**Prompt:** Print exactly the lines from the one that contains "2012 NISSAN QUEST" through the final line of the entries below, both included, and nothing else; omit the pictures.

**Entries shown:**
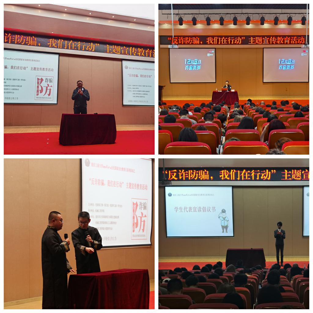 讲座结束后,学生代表上台宣读了倡议书。活动现场,学生们创新形式,用相声表演的形式,形象、生动地演绎了当前网络诈骗常见的手段套路,让同学们在欢声笑语中学习到了防骗反诈知识。
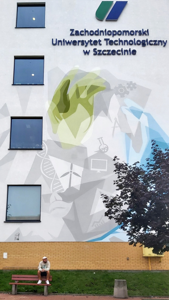 Pomiędzy dłońmi znajdują się atrybuty nawiązujące do dyscyplin naukowych, które reprezentuje Zachodniopomorski Uniwersytet Technologiczny w Szczecinie. Mural można oglądać jadąc samochodem lub tramwajem przez aleję Piastów w kierunku Pomorzan.
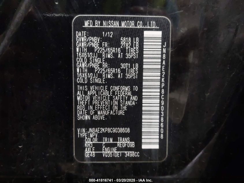 2012 NISSAN QUEST 2012 року Бензин, 3.5, Передний привод, vin - JN8AE2KP8C9****** из США
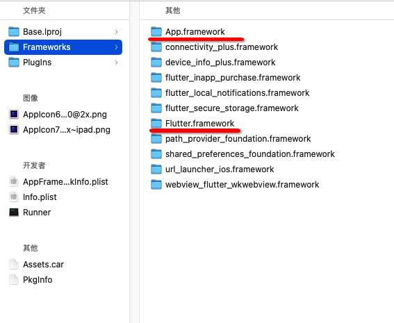 这里有两个重要的动态库 1: flutter.framework 这是flutter引擎库,每个工程都会集成, 不同的版本 导致这个库会有少许差距
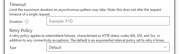 Retry policy is useful when you’re making a lot of API calls and they sometimes fail due to being rate limited/throttled. Writing a lot of rows into a SQL database in an Apply to each loop for example, when you set the concurrency of the loop right up to 50.
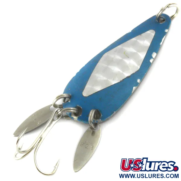 Een nikkel en blauwe afwerking bepaalt het visuele karakter van deze 6 cm (2 1/4") werplepel van de Marathon Bait Company. Marathon, gevestigd in Wisconsin tussen 1929 en 1979, produceerde innovatieve ontwerpen zoals deze, voorzien van twee kleine, beweegbare "Sonic Blades" aan de achterzijde. Deze langwerpige nikkelen bladen zijn op splitringen gemonteerd om de illusie van de staart van een aasvis te creëren, terwijl ze de scherpe dreg gedeeltelijk maskeren. Met een gewicht van 12 g (2/5 oz) is de lepel aan de achterkant gestempeld met de naam van de fabrikant, wat de herkomst uit de USA markeert. De voorkant van de lepel bevat een getextureerde inleg met diamantpatroon, die contrasteert met de geverfde blauwe rand. Deze onder productcode 4130 genoteerde lepel verkeert in 4/5 staat, met goed bewaard gebleven hardware en levendige kleuren die de geschiedenis als een klassieker uit de visserij van het midden van de eeuw weerspiegelen. Een splitring aan de neus zorgt voor een veilig bevestigingspunt voor de sportvisser.
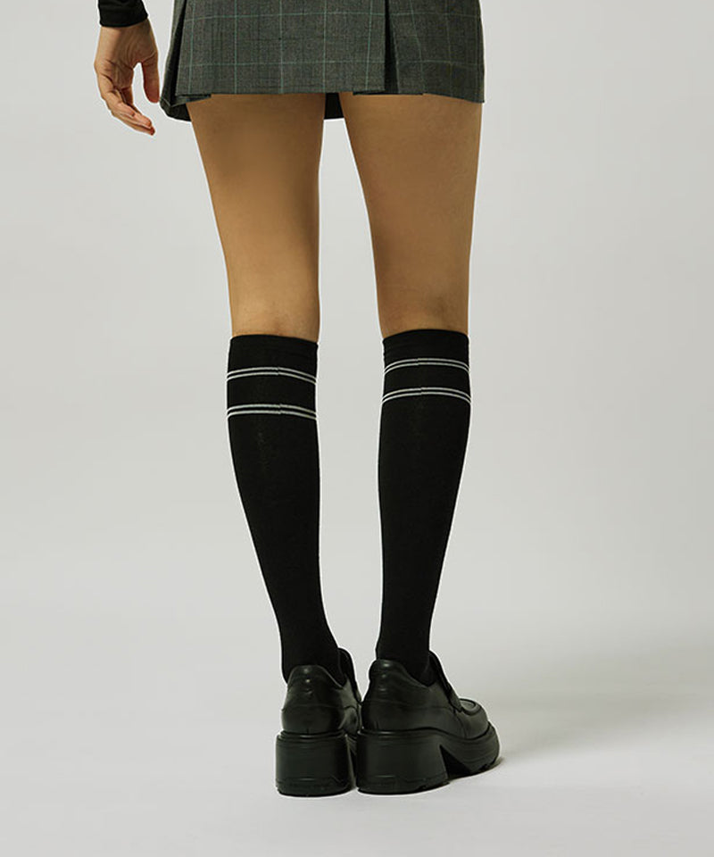 CREVE NINE: Double Stripe Knee Socks - 2 Colors

**Solution to this problem:**
 2012 NISSAN QUEST 2012 року Бензин, 3.5, Передний привод, vin - JN8AE2KP8C9****** из США
 这里有两个重要的动态库 1: flutter.framework 这是flutter引擎库,每个工程都会集成, 不同的版本 导致这个库会有少许差距
 Retry policy is useful when you’re making a lot of API calls and they sometimes fail due to being rate limited/throttled. Writing a lot of rows into a SQL database in an Apply to each loop for example, when you set the concurrency of the loop right up to 50.
 Een nikkel en blauwe afwerking bepaalt het visuele karakter van deze 6 cm (2 1/4") werplepel van de Marathon Bait Company. Marathon, gevestigd in Wisconsin tussen 1929 en 1979, produceerde innovatieve ontwerpen zoals deze, voorzien van twee kleine, beweegbare "Sonic Blades" aan de achterzijde. Deze langwerpige nikkelen bladen zijn op splitringen gemonteerd om de illusie van de staart van een aasvis te creëren, terwijl ze de scherpe dreg gedeeltelijk maskeren. Met een gewicht van 12 g (2/5 oz) is de lepel aan de achterkant gestempeld met de naam van de fabrikant, wat de herkomst uit de USA markeert. De voorkant van de lepel bevat een getextureerde inleg met diamantpatroon, die contrasteert met de geverfde blauwe rand. Deze onder productcode 4130 genoteerde lepel verkeert in 4/5 staat, met goed bewaard gebleven hardware en levendige kleuren die de geschiedenis als een klassieker uit de visserij van het midden van de eeuw weerspiegelen. Een splitring aan de neus zorgt voor een veilig bevestigingspunt voor de sportvisser.
 CREVE NINE: Double Stripe Knee Socks - 2 Colors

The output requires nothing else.